# Look what we found after 5yrs of being installed



## AAP-Anthony (Oct 14, 2012)

Please don't copy these methods...


----------



## Tommy plumber (Feb 19, 2010)

Nice........


What was the call for? A leak perhaps.....:whistling2:


----------



## AAP-Anthony (Oct 14, 2012)

We were on site for the water heater and upon offering a free inspection - the customer remembered they had "a little mold" behind the toilet. Look close at the top connection to spot the red hot PVC glue utilized lol


----------



## easttexasplumb (Oct 13, 2010)

I was out of schwinn couplings at the time.


----------



## Epox (Sep 19, 2010)

easttexasplumb said:


> I was out of schwinn couplings at the time.


And you said not to worry nobody would ever know.:hammer:


----------



## johnlewismcleod (Apr 6, 2012)

easttexasplumb said:


> i was out of schwinn couplings at the time.





epox said:


> and you said not to worry nobody would ever know.:hammer:


lmao! :laughing::laughing:


----------



## Mississippiplum (Sep 30, 2011)

I see a combo of gator bites and shark bites, Atleast I woulda used all sharkbites or all gatorbites, mixing them up Is just plain hackish.

Sent from the jobsite porta-potty


----------



## Epox (Sep 19, 2010)

Mississippiplum said:


> I see a combo of gator bites and shark bites, Atleast I woulda used all sharkbites or all gatorbites, mixing them up Is just plain hackish.
> 
> Sent from the jobsite porta-potty


It was smorgasbord Wednesday.


----------



## Plumbergeek (Aug 16, 2010)

Those aren't Gatorbites Mississippi, those copper fitting are the DIY'ers fittings with the solder already installed. Just heat n' go!


----------



## rocksteady (Oct 8, 2008)

Plumbergeek said:


> Those aren't Gatorbites Mississippi, those copper fitting are the DIY'ers fittings with the solder already installed. Just heat n' go!

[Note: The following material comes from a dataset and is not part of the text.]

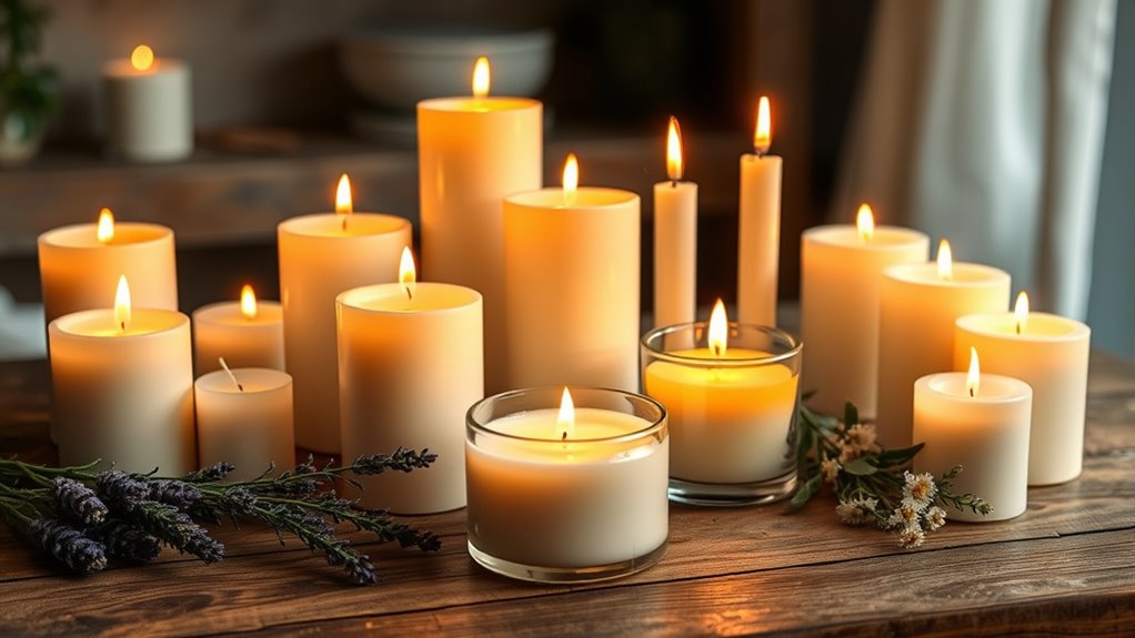 I believe natural fragrances are like a gentle breeze whispering calm into your soul, making them better for stress relief. They’re crafted from real plant extracts, offering pure, authentic scents that resonate with your senses. Synthetic fragrances can sometimes feel like a fog, masking the true aroma and possibly causing irritation. If you’re after genuine relaxation, natural candles are your best bet—they’re like a soothing hug from nature herself.

We had a rep. drop off some samples of those a few years ago. I never used them as I was worried about the void left after the preloaded solder supposedly flowed into the joint. 







Paul


----------



## Plumbergeek (Aug 16, 2010)

rocksteady said:


> We had a rep. drop off some samples of those a few years ago. I never used them as I was worried about the void left after the preloaded solder supposedly flowed into the joint.
> Paul


They are also very thin walled copper. Probably made in China.


----------



## smoldrn (Oct 4, 2010)

AAP-Anthony said:


> We were on site for the water heater and upon offering a free inspection - the customer remembered they had "a little mold" behind the toilet. Look close at the top connection to spot the red hot PVC glue utilized lol


PVC glue? Everybody know you're supposed to use 'Just for copper'.


----------



## ibeplumber (Sep 20, 2011)

What a mess!


----------